Paco's Log

Med-CrossViT: A WSI-RNA-Seq fusion model

I while back I had the idea of using cross-attention for implementing an early fusion model of my two modalities of choice: digital pathology and transcriptomics. I decided to go for it, since it was not available, and called it Med-CrossViT. Instead of using two augmentations of the same image as input, this model uses two different modalities: bags digital pathology tiles features and RNA-Seq.

An example of the original architecture can be seen below: Image of the original architecture

Instead of having two different branches (one for small patches and one for big patches), here we have two different modality heads. For digital pathology, a bag of tiles is used where a representation is obtained using a foundation model, and each patch is a token. For gene expression, the gene expression from a set of genes is projected using an embedder, that tokenize the expression, add positional encodings, and include a CLS token. Then, two transformer encoders are used (one per modality) and a cross-attention layer is used. Finally, two MLPs are used.

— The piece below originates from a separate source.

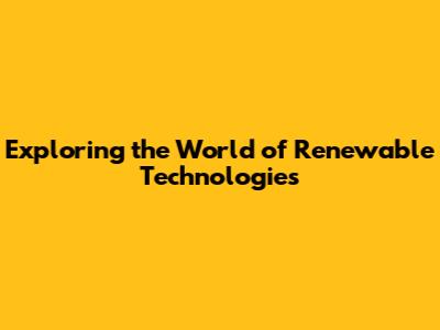 Exploring The World Of Renewable Technologies

I also implemented a dataset that reads the tile embeddings from an h5 file, and the gene expression from an csv file. All the code is documented using lazydocs, and can be build using the associated Makefile. Here is a snippet for building the model and running it with some random inputs:

from med_crossvit.med_crossvit import MedCrossViT

v = MedCrossViT(
    num_classes=2,
    depth=4,
    wsi_dim=768,
    rna_dim=768,
    wsi_num_tiles=50,
    wsi_enc_depth=2,
    wsi_enc_heads=8,
    wsi_enc_mlp_dim=2048,
    wsi_enc_dim_head=64,
    rna_enc_depth=2,
    rna_enc_heads=8,
    rna_enc_mlp_dim=2048,
    rna_enc_dim_head=64,
    rna_num_genes=100,
    cross_atnn_depth=2,
    cross_attn_heads=8,
    cross_attn_dim_head=64,
    dropout=0.1,
    emb_dropout=0.1,
    return_attn=True)

# get a lot of this
wsi_bag = torch.rand((16, 50, 768))
rna_seq = torch.rand((16, 100))

# train for multiple steps
pred, attn = v(wsi_bag, rna_seq)
print(pred)
print(pred.shape)
print(attn[0].shape) # WSI CLS token
print(attn[1].shape) # RNA CLS tokenize

This implementation is heavily based in the Cross ViT implementation by lucidrains. Thanks for all the awesome work!

I hope someone can test it and see if it is better than other approaches!